Source material START
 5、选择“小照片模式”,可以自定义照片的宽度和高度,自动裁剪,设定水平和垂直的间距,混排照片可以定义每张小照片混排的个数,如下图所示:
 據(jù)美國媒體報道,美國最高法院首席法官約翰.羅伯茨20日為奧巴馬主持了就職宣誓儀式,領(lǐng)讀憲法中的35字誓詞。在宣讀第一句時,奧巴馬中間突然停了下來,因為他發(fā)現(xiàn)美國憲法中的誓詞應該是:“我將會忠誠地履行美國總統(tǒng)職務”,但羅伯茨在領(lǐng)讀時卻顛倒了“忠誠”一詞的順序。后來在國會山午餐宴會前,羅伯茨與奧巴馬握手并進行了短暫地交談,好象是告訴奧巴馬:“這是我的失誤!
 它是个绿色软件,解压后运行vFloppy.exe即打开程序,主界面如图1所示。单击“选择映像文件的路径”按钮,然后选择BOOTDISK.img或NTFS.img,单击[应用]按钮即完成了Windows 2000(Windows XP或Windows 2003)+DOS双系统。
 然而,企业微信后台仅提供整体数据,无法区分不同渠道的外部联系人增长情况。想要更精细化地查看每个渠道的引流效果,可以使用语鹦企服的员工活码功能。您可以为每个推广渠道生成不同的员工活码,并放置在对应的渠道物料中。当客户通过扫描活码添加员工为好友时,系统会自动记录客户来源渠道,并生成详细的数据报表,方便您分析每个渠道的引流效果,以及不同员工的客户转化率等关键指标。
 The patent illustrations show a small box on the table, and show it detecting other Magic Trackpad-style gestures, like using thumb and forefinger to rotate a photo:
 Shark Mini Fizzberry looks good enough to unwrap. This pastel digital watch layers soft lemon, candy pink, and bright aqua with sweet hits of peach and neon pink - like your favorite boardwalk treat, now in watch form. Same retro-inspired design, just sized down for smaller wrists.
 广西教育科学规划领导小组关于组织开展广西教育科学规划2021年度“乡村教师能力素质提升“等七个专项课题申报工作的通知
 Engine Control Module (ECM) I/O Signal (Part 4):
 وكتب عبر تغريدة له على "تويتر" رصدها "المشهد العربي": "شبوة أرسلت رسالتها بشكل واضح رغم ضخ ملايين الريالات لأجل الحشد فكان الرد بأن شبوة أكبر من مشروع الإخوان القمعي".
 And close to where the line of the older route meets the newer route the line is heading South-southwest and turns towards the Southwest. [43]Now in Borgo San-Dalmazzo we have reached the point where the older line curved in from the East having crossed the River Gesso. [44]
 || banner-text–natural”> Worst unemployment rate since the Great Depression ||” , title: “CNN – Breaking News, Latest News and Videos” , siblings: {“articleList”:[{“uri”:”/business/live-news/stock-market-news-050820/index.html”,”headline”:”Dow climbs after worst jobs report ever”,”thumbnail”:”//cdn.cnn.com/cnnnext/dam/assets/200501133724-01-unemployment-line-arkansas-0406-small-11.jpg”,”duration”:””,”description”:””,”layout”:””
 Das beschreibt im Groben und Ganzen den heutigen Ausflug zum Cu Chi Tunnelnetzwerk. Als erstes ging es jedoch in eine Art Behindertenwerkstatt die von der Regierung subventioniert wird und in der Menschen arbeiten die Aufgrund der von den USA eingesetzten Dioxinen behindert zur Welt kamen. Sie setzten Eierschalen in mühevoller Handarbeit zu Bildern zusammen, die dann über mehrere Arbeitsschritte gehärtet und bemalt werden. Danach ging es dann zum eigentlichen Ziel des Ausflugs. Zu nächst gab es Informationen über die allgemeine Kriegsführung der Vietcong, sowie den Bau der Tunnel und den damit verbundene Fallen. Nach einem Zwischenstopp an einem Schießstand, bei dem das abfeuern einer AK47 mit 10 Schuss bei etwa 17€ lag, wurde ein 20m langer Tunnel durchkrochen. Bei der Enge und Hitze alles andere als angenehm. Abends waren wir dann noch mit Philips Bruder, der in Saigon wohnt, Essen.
Source material END
#### Exercise requirements
From the records above, repeat exactly the lines from the one with "The patent illustrations" through the one with "Worst unemployment rate", both included.

#### Solution
 The patent illustrations show a small box on the table, and show it detecting other Magic Trackpad-style gestures, like using thumb and forefinger to rotate a photo:
 Shark Mini Fizzberry looks good enough to unwrap. This pastel digital watch layers soft lemon, candy pink, and bright aqua with sweet hits of peach and neon pink - like your favorite boardwalk treat, now in watch form. Same retro-inspired design, just sized down for smaller wrists.
 广西教育科学规划领导小组关于组织开展广西教育科学规划2021年度“乡村教师能力素质提升“等七个专项课题申报工作的通知
 Engine Control Module (ECM) I/O Signal (Part 4):
 وكتب عبر تغريدة له على "تويتر" رصدها "المشهد العربي": "شبوة أرسلت رسالتها بشكل واضح رغم ضخ ملايين الريالات لأجل الحشد فكان الرد بأن شبوة أكبر من مشروع الإخوان القمعي".
 And close to where the line of the older route meets the newer route the line is heading South-southwest and turns towards the Southwest. [43]Now in Borgo San-Dalmazzo we have reached the point where the older line curved in from the East having crossed the River Gesso. [44]
 || banner-text–natural”> Worst unemployment rate since the Great Depression ||” , title: “CNN – Breaking News, Latest News and Videos” , siblings: {“articleList”:[{“uri”:”/business/live-news/stock-market-news-050820/index.html”,”headline”:”Dow climbs after worst jobs report ever”,”thumbnail”:”//cdn.cnn.com/cnnnext/dam/assets/200501133724-01-unemployment-line-arkansas-0406-small-11.jpg”,”duration”:””,”description”:””,”layout”:””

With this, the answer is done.